ボイラー整備士免許試験 令和5年10月公表(令和5年1月〜6月実施分)の問28は、ボイラーの休止中の保存法に関する問題です。5つの記述のうち、適切でないものを選びます。

この問題のポイント

この問題の核心は休止期間の長さで保存法が分かれることです。6か月程度は満水保存法には長すぎ、長い休止には乾燥保存法を使います。

※ 問題文そのものは、公益財団法人 安全衛生技術試験協会が公開している公表試験問題のページで確認できます。

正解:選択肢3(適切でない記述)

各選択肢の正誤

選択肢 正誤 解説
1 ◯(適切) 乾燥保存法は休止期間が長い場合に最も適する
2 ◯(適切) 凍結のおそれがある場合も乾燥保存法(水を残さない)
3 ×(適切でない) 満水保存法に6か月程度は長すぎる。長い休止は乾燥保存法
4 ◯(適切) 清缶剤と脱酸素剤を溶かした水で満たし、内面の腐食を防ぐ
5 ◯(適切) 窒素封入法は0.05〜0.06MPa程度に加圧封入して空気と置換する

選択肢3のポイント(ここが誤り)

選択肢3は「満水保存法は、休止期間が6か月程度の場合にも採用される」としています。この6か月程度という長さが、満水保存法には長すぎるという扱いです。同じ設問の選択肢1が「乾燥保存法は、休止期間が長い場合に最も適した方法である」を適切としているので、長い休止に使うのは乾燥保存法だと読み取れます。
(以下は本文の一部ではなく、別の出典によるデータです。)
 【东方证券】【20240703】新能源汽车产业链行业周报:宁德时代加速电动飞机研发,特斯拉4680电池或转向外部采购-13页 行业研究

ただし満水保存法が何か月までかという具体的な目安は、公表されている5回の中に示されていません。

保存法 期間の目安 凍結のおそれ
満水保存法 6か月程度は長すぎる 使えない(水が凍る)
乾燥保存法 長期 こちらを使う

期間で分かれる理由は、水を入れたままにする以上、薬剤で守り続けなければならないからです。
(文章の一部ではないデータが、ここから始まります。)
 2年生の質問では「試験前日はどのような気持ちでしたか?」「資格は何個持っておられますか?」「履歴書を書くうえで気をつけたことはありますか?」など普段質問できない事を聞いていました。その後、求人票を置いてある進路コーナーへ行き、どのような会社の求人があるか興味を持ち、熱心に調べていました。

満水保存法は、清缶剤と脱酸素剤を溶かした水で内部を満たします。薬剤が働いているうちは腐食が止まりますが、時間が経てば効力は落ちます。だから月に1〜2回、濃度を測って所定の値を保つ管理が要ります。長く休むほどこの手間が続き、管理が切れた時点で腐食が始まります。
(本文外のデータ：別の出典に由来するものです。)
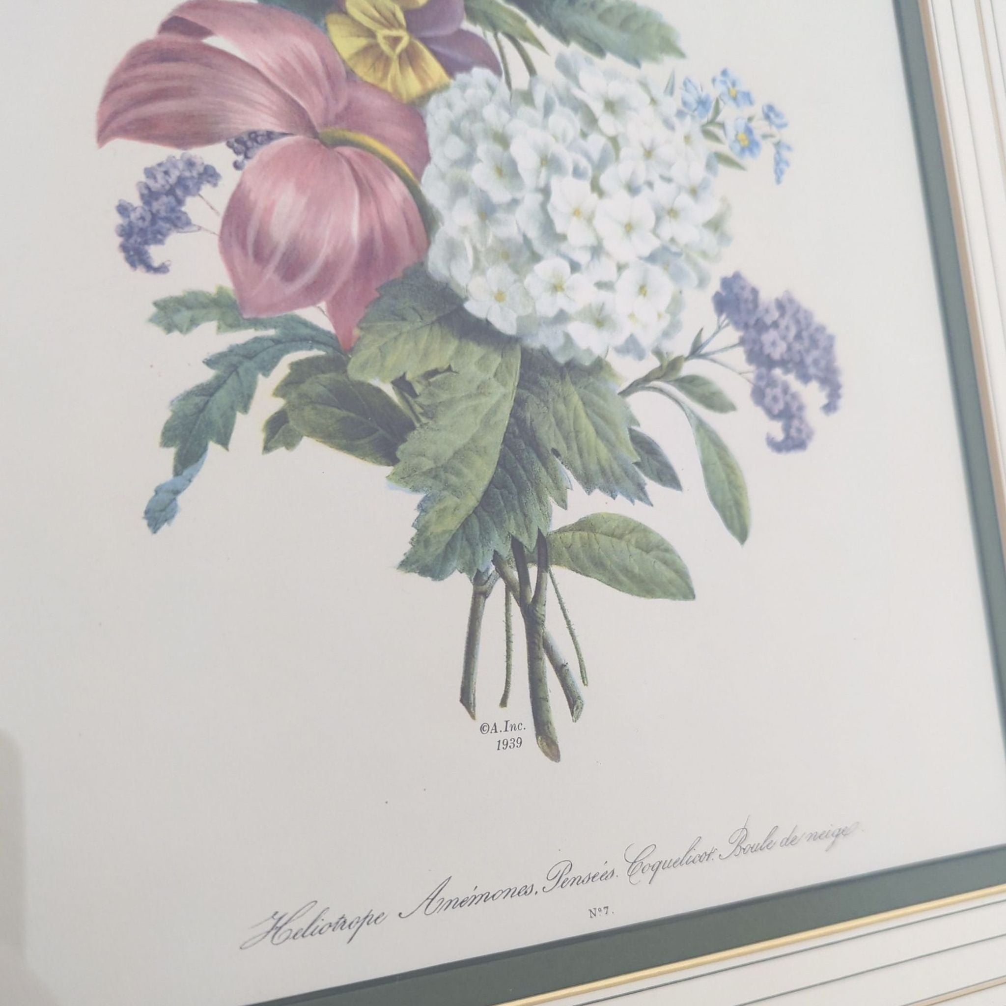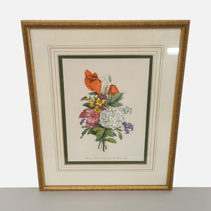 This print features a colorful bouquet of flowers including heliotrope, anemones, pansies, and more. The artwork is dated 1939 and beautifully displayed in a decorative gold frame with double matting. Perfect for adding a classic touch to any room. Ready to hang and in great condition.

乾燥保存法は、水を全部抜いて乾かしてしまう方法です。水が無ければ腐食のしようがありません。手を掛けずに長く置けるので、長期の休止に向きます。

凍結のおそれがあるときも乾燥保存法

選択肢2は、期間とは別の理由で乾燥保存法を選ぶ場合です。

水は凍ると体積が増えます。ボイラーの中に水を残したまま凍結すれば、管や胴を内側から押し広げて壊します。満水保存法は水を張る方法なので、この条件では使えません。

選択肢5の窒素封入法は、内部を窒素で満たして酸素を追い出す方法です。0.05〜0.06MPa程度に加圧しておくのは、外から空気が入り込まないようにするためです。腐食に要るのは酸素なので、酸素を断てば錆びません。

覚え方

  • 満水保存法に6か月程度は長すぎる/長い休止は乾燥保存法
  • 満水は薬剤で守り続ける方法。月1〜2回の濃度測定が要る
  • 凍結のおそれがあるときは乾燥保存法(水を残さない)
  • 満水保存法の水には清缶剤と脱酸素剤を溶かす
  • 窒素封入法=0.05〜0.06MPa程度に加圧封入して空気と置換

理解度チェック

Q.

満水保存法と乾燥保存法は、休止期間でどう使い分けるか。

長期の休止には乾燥保存法を使います。満水保存法は薬剤の濃度を測って保つ管理が要るので、長く休む場合には向きません。公表問題は6か月程度を満水保存法に当てはめた記述を適切でないとしていますが、何か月までなら使えるかという目安は示していません。

Q.

凍結のおそれがあるとき、満水保存法を使えないのはなぜか。

水が凍ると体積が増え、管や胴を内側から押し広げて壊してしまうためです。この場合は水を全部抜く乾燥保存法を採ります。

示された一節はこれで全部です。